Newly formed advisory group urges closer cooperation

The mortgage sector must come together to tackle climate change and add its voice to environmental policies affecting the housing industry, according to one of the prime movers behind a newly formed group.

Three of the UK’s biggest mortgage distributors – Legal & General, Sesame Bankhall Group and SimplyBiz Mortgages – last month announced a new collaborative venture called the Mortgage Climate Action Group. The group’s aim is to interpret new climate change legislation and “provide guidance and practical help” for industry advisers to ensure “they are well equipped to support UK consumers”.

Kevin Roberts, the director of Legal & General Mortgage Club, said in a statement that the mortgage market had a role to play in tackling global warming but the industry also needed to understand the impact “that any changes, from legislation to lending, could have on the sector”.

He said: “We believe that collaboration will be key to addressing this hugely important issue. We have already been working closely with lenders and will soon be able to deliver educational content, available as structured CPD pieces, centred on supporting the advice journey.

“But our aims extend beyond sharing practical guidance alone, and we are committed to ensuring advisers’ interests are represented among various government and trade bodies, while helping intermediary businesses develop their own sustainability guidelines.”

The three mortgage distributors, which reportedly accounted for more than £169bn worth of gross lending in 2021, are urging others across the industry to support the initiative. So far, they have already reportedly begun working with lenders and the Association of Mortgage Intermediaries (AMI).

According to the latest figures from the Department for Business, Energy and Industrial Strategy, the residential sector accounts for almost 21 per cent of the

country’s CO2 emissions, while the Office for National Statistics reports that fewer than half of homes in England and Wales are rated EPC ‘C’ or higher.

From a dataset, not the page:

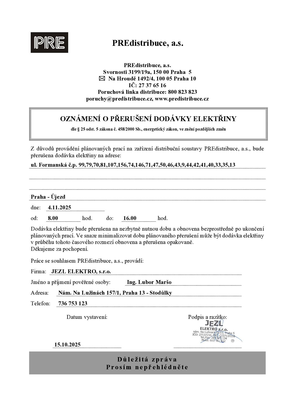 Z důvodu provádění plánovaných prací na zařízení soustavy PREdistribuce bude přerušena dodávka elektřiny v úterý 4. listopadu 2025 od 8.00 do 16.00 hodin v ulici Formanská č.p. 99, 79, 70, 81, 107, 156, 74, 146, 71, 47, 50, 46, 43, 9, 44, 42, 41, 40, 33, 35, 13.

Speaking to Mortgage Introducer, Roberts gave more details about his reasons for starting the group. He said: “Everybody’s fighting for ‘their’ club, but at some point we’ve got to come together in a bigger format. There’s an opportunity here to show the market, the government and advisers that there’s a need to collaborate. People want to put their club shirt to one side and put their country shirt on.”

Asked what he hoped the club would achieve in practical terms, he said: “It can be a place for a regulator or a government … to speak to an industry – we can influence and be influenced.

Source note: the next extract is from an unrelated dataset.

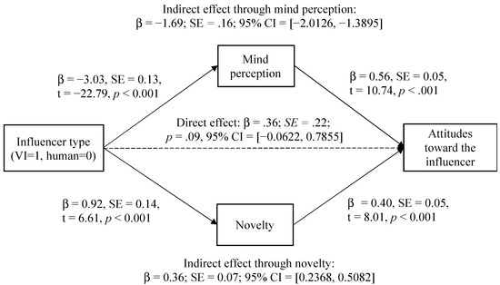 Next, we tested the proposed mediation models. We first examined the mediation effect with attitude toward the influencer as the dependent variable, influencer type (0 = human influencer, 1 = virtual influencer) as the independent variable, and mind perception and novelty as two mediators (PROCESS Model 6; 5000 bootstrap resamples). The results showed that compared with the human influencer, participants perceived a significantly lower mind (β = −3.03, SE = 0.13, t = −22.79, p < 0.001) and higher novelty (β = 0.92, SE = 0.14, t = 6.61, p < 0.001) in the virtual influencer posting a low-carb PSA. Further, both mind perception (β = 0.56, SE = 0.05, t = 10.74, p < 0.001) and novelty (β = 0.40, SE = 0.05, t = 8.01, p < 0.001) had positive effects on attitude toward the influencer. More importantly, consistently with our hypotheses, the indirect effect of influencer type on attitude toward the influencer through mind perception was negative and significant (β = −1.69; SE = 0.16), with a 95% confidence interval excluding zero [−2.0126, −1.3895]. In contrast, the indirect effect of influencer type on attitude toward the influencer through novelty was positive and significant (β = 0.36; SE = 0.07), with a 95% confidence interval excluding zero [0.2368, 0.5082]. Additionally, results suggested that the direct effect of influencer type on attitude toward the influencer was not significant (β = 0.36; SE = 0.22; p = 0.09, 95% CI = [−0.0622, 0.7855]; see Figure 3).

“Ultimately, what we’re trying to do is to advise, and we can condense that into some simple steps. For example, talking to your clients about EPC ratings. If you’re locking in a buytolet for five years, with regulations coming in it may change, so what position would your rental property be in in five years?

“We can be influencing software providers. Do we start having EPC ratings or sourcing systems on resource tools? It’s a place that can start influencing … driving the agenda.”

In a statement, the group also said that policies to tackle climate change had the potential “to make mortgages less accessible or even more expensive for some borrowers in the UK”. In that regard, Roberts said there was concern about the “unintended consequences” of environmentally friendly policies.

He said: “(People are getting) stuck in properties that are slowly going down in value and can’t move because of their EPC rating. Let’s take a step back and not have kneejerk, quickfire policies or regulations.”

He cited London and the difficulties of providing charging points or solar panels in flats and old Victorian properties as examples, adding that “we’re not tackling the issue if we’re just giving discounts for mortgages for people with A to C”.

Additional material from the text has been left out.